At long last and much frantic feedreading in an attempt to get something near caught up, I’m going to attempt to bring back The Roundup of favorite posts and articles. I’m doing it a bit differently, though – this post won’t be quite as comprehensive as it used to be, because I’m now using Flipboard to curate my favorite links throughout the week. What’s Flipboard? I’m glad you asked. It’s a lovely magazine-style newsreader, originally for iPad but now multiplatform, that also allows users to create and curate their own magazines on any topic they want. So I’ve created magazines about current film, classic film, television, gaming, etc., which can all be read through the app or via a browser at my Flipboard profile. What I post here each week will be my favorite flips of the past week, but if you like my taste in reading, you can find many more good reads by flipping through the full magazines.

Since it’s been a while and I literally just caught up on about a month of posts over the past several days, not all of these will be from the past week, and there are more of them than there likely will be in the future. People kept writing more good stuff while I was working on this post.

Current Film

Stop Blaming Jaws! by Heather Havrilesky of the New York Times

Couldn’t agree more with this – Jaws has great characters and pacing that lets you breathe and build up dread, rather than simply escalating action to the point of exhaustion. See following article with Lindelof interview for comparison.

“As a business model, Jaws may well have upended the movie industry. Creatively, though, it’s increasingly strange to blame Jaws for spawning the modern blockbuster, given how little Steven Spielberg’s esoteric, character-driven story has in common with today’s action extravaganzas. Compared with movies like Pacific Rim, World War Z and White House Down, Jaws is an art-house film. And a very good one: the film built suspense by focusing on what you couldn’t see more than on what you could. The young swimmer, up to her shoulders in murky water. A boy’s dangling legs, viewed from under the water. A swaying fishing boat, creaking eerily in the darkness.”

Damon Lindelof on Blockbuster Screenwriting by Scott Brown of Vulture Magazine

It’s somewhat disingenuous coming from Lindelof, since he’s the crafter of many of Hollywood’s current blockbusters (including Star Trek: Into Darkness, which falls prey to the very escalation he mentions in the paragraph before the one I pulled), but it’s an interesting insight into the Hollywood mindset.

But Hollywood’s gigantism, Lindelof points out, is practically algorithmic—and the effect tendrils all the way down to the storytelling level.
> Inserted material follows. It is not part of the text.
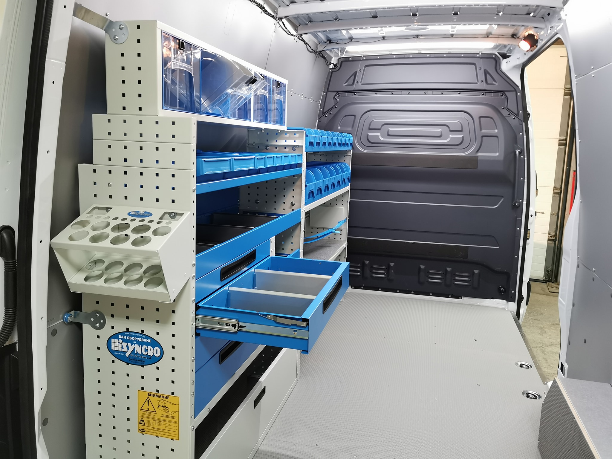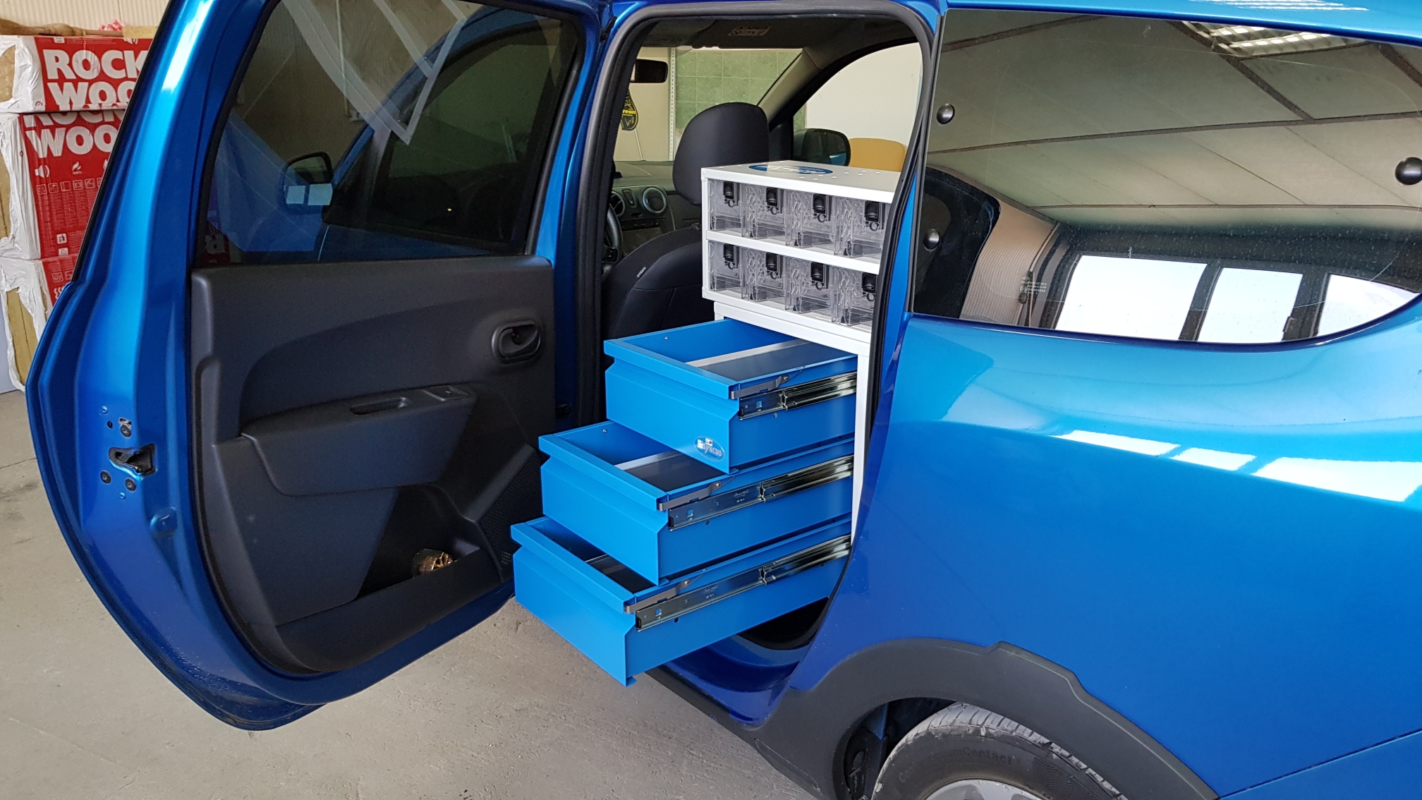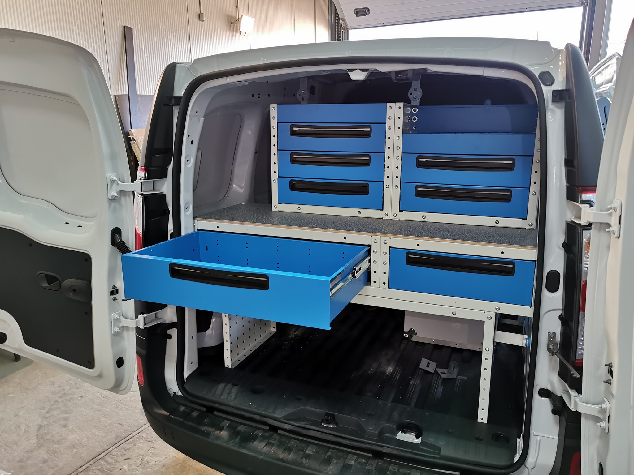 Чекмеджетата са произведени от високоякостна стомана, така че да имат голяма дълготрайност във времето и да гарантират на ползвателите максимална практичност и безопасност. На предния панел на всяко чекмедже е разположена дръжка с автоматична система за заключване, която предотвратява случайно отваряне и държи чекмеджето затворено по време на път, дори и при труднопроходими пътища. Системата позволява отваряне и затваряне чрез натискане на бутон в ръкохватката. С помощта на телескопичните водачи от неръждаема стомана чекмеджетата могат да бъдат издърпвани в цялата си дължина / обем. Чекмеджетата са снабдени и с алуминиеви разделители, разположени в дълбочина, които осигуряват инструментите в чекмеджето да стоят по местата си, въпреки вибрациите по време на движение. Те се захващат стабилно с 2 или 4 държача от полипропилен като могат да се поставят на различно място изключително лесно или да се премахват, когато е необходимо. Всяко чекмедже е с товароносимост до 120 кг.

When ever-larger sums are spent to make and market ever-fewer, ever-bigger movies, and those movies are aimed at Imax screens, then world-­shattering comic-book I.P. and gigantic special effects are expected, with larger-than-life characters wielding those effects. No one necessarily asks for it; it just kind of happens. It’s what Lindelof calls Story Gravity, and dealing with it—whether that means resisting it or simply surfing it skillfully—is the great challenge of writing this new breed of tentpole blockbuster. The question used to be: How do we top ourselves? The new one seems to be: How do we stop ourselves?